From the first line of the data through the line containing "学院大创项目结合时代发展需求", transcribe each line exactly. Pictures do not belong in the copy.

* * *

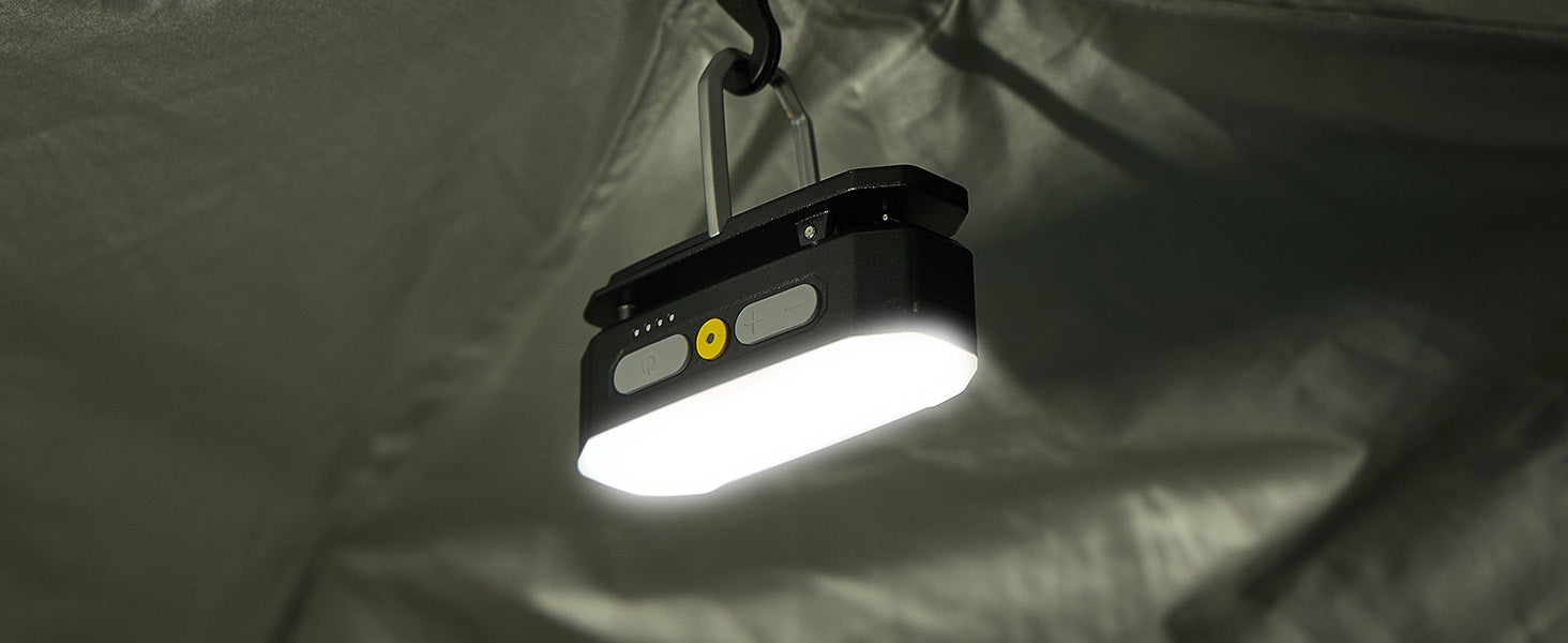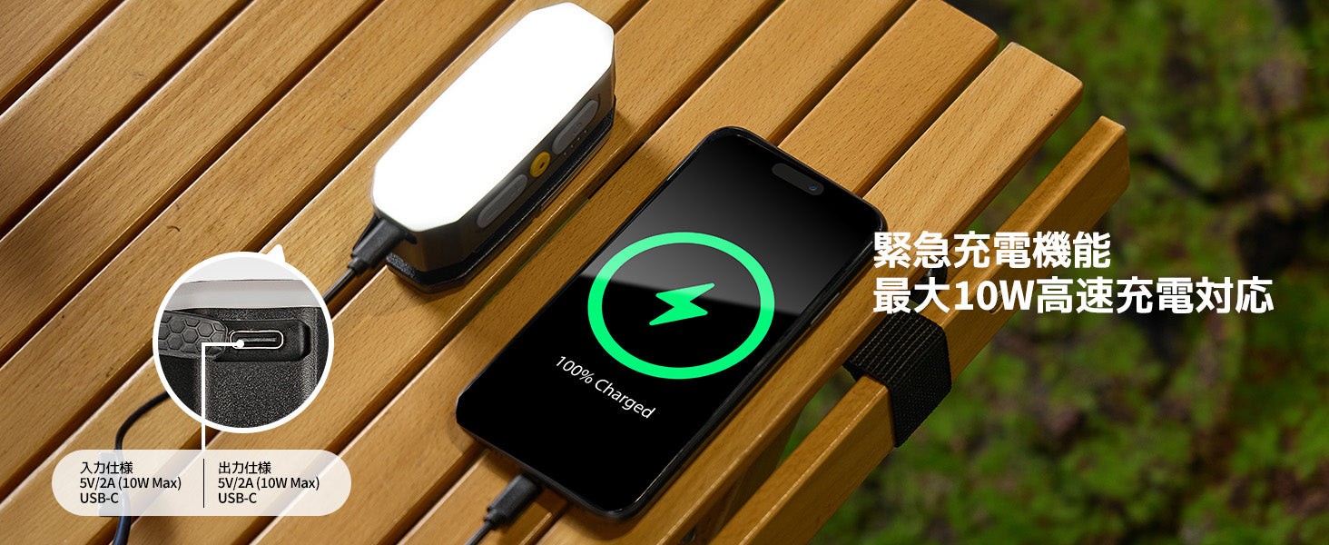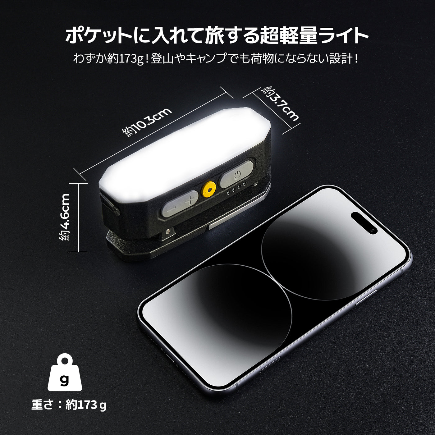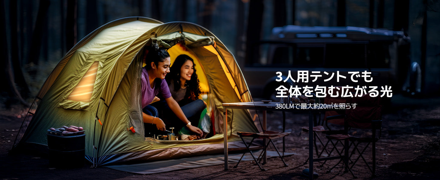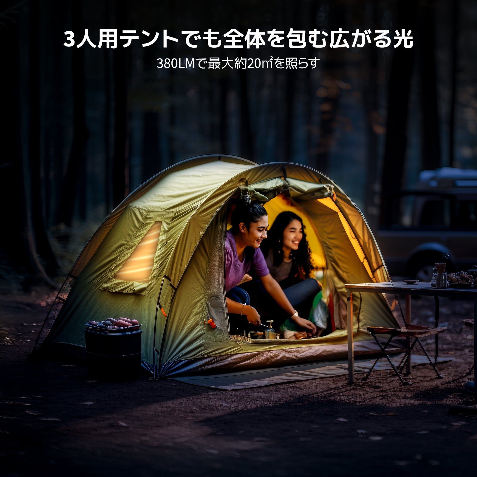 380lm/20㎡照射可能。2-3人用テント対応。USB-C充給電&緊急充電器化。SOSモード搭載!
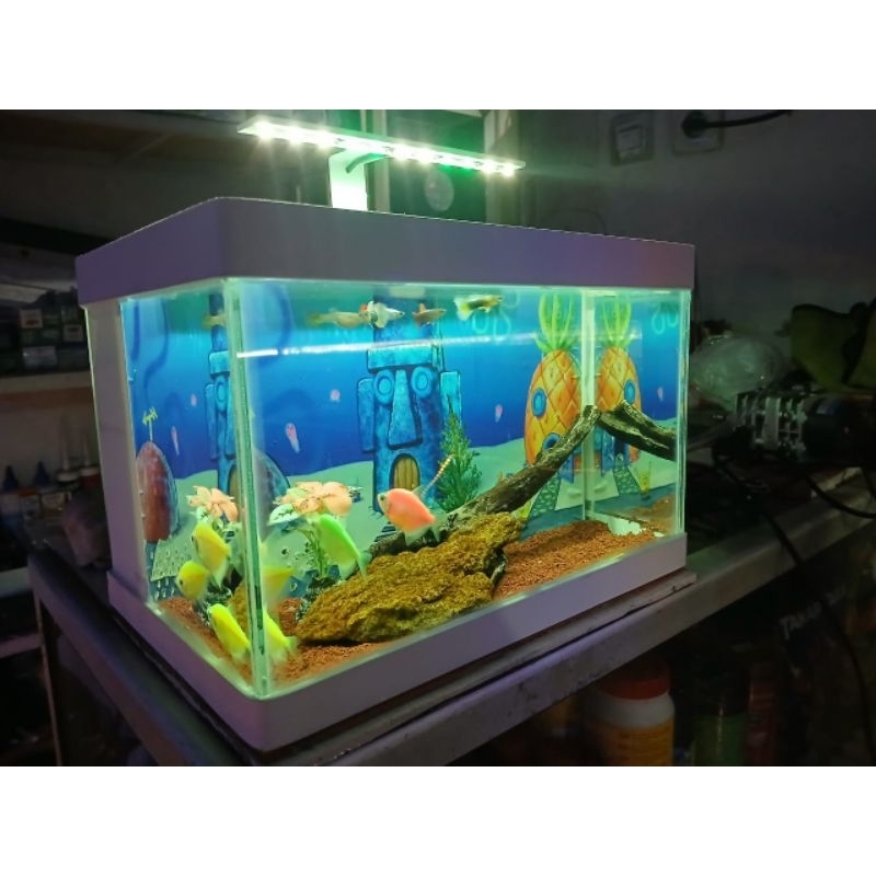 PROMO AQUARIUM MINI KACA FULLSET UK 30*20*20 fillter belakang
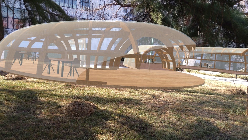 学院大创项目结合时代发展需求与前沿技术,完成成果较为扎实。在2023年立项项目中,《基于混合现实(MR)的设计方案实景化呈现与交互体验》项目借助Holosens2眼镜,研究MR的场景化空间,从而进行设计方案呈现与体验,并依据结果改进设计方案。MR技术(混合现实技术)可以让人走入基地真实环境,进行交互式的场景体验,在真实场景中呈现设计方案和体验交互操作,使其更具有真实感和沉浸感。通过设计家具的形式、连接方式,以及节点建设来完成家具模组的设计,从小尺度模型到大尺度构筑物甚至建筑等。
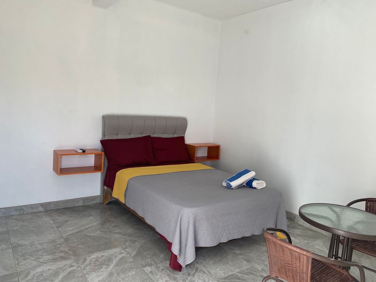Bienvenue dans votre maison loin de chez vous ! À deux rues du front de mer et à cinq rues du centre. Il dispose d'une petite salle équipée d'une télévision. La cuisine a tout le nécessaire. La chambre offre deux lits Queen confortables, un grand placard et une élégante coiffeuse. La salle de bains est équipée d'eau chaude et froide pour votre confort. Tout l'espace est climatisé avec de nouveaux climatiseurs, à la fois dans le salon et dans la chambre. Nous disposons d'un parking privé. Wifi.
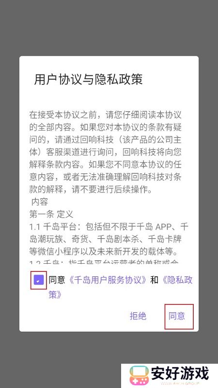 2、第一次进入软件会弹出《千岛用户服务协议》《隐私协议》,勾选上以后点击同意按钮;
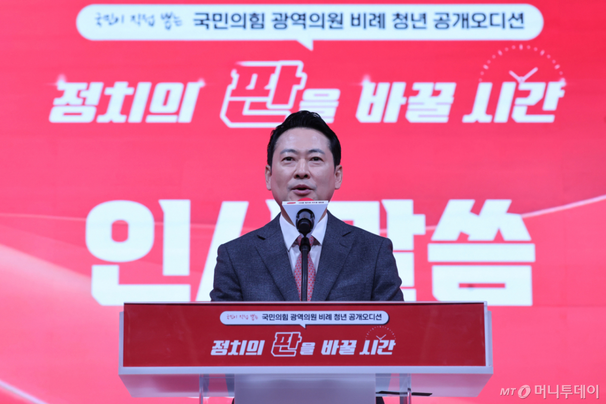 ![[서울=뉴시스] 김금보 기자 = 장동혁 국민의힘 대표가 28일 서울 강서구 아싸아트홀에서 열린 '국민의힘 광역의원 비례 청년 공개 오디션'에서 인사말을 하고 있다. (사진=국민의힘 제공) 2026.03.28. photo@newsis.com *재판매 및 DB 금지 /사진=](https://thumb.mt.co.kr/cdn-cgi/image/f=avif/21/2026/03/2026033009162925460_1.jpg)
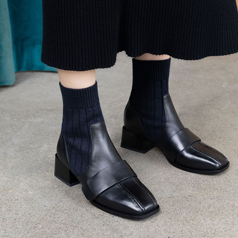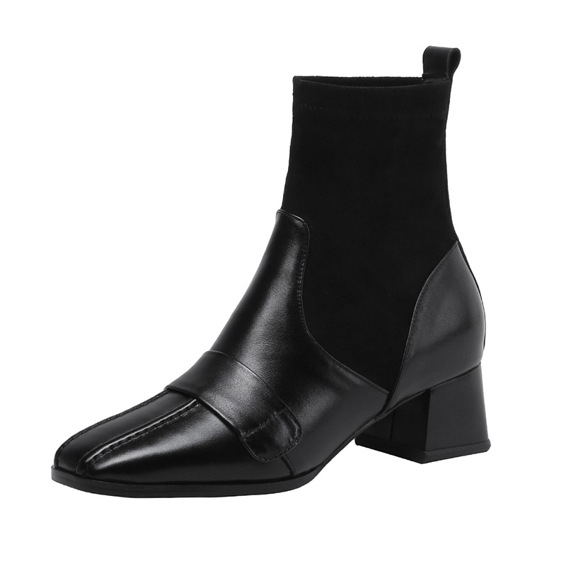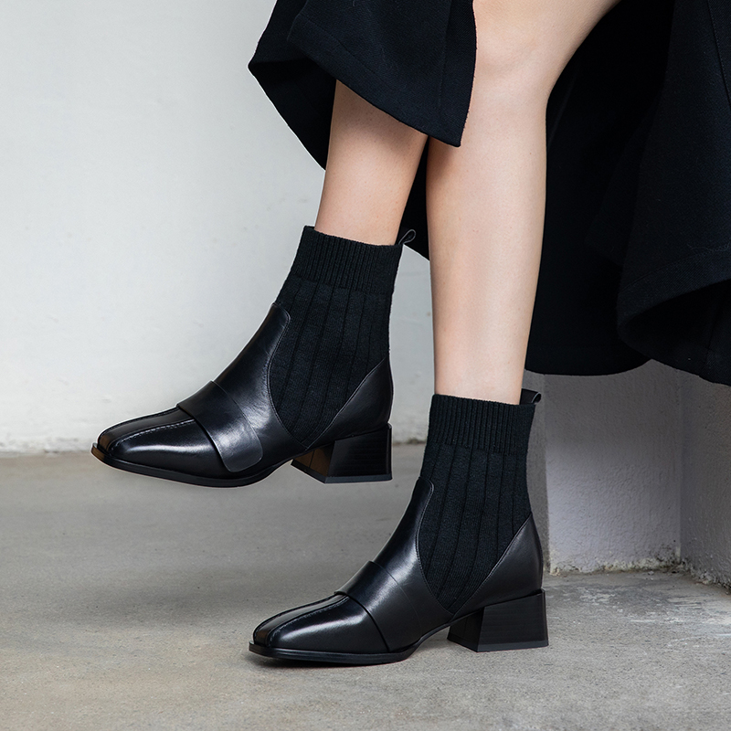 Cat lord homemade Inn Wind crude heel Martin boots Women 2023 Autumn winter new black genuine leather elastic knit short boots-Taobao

* * *

### Answer section
 380lm/20㎡照射可能。2-3人用テント対応。USB-C充給電&緊急充電器化。SOSモード搭載!
 PROMO AQUARIUM MINI KACA FULLSET UK 30*20*20 fillter belakang
 学院大创项目结合时代发展需求与前沿技术,完成成果较为扎实。在2023年立项项目中,《基于混合现实(MR)的设计方案实景化呈现与交互体验》项目借助Holosens2眼镜,研究MR的场景化空间,从而进行设计方案呈现与体验,并依据结果改进设计方案。MR技术(混合现实技术)可以让人走入基地真实环境,进行交互式的场景体验,在真实场景中呈现设计方案和体验交互操作,使其更具有真实感和沉浸感。通过设计家具的形式、连接方式,以及节点建设来完成家具模组的设计,从小尺度模型到大尺度构筑物甚至建筑等。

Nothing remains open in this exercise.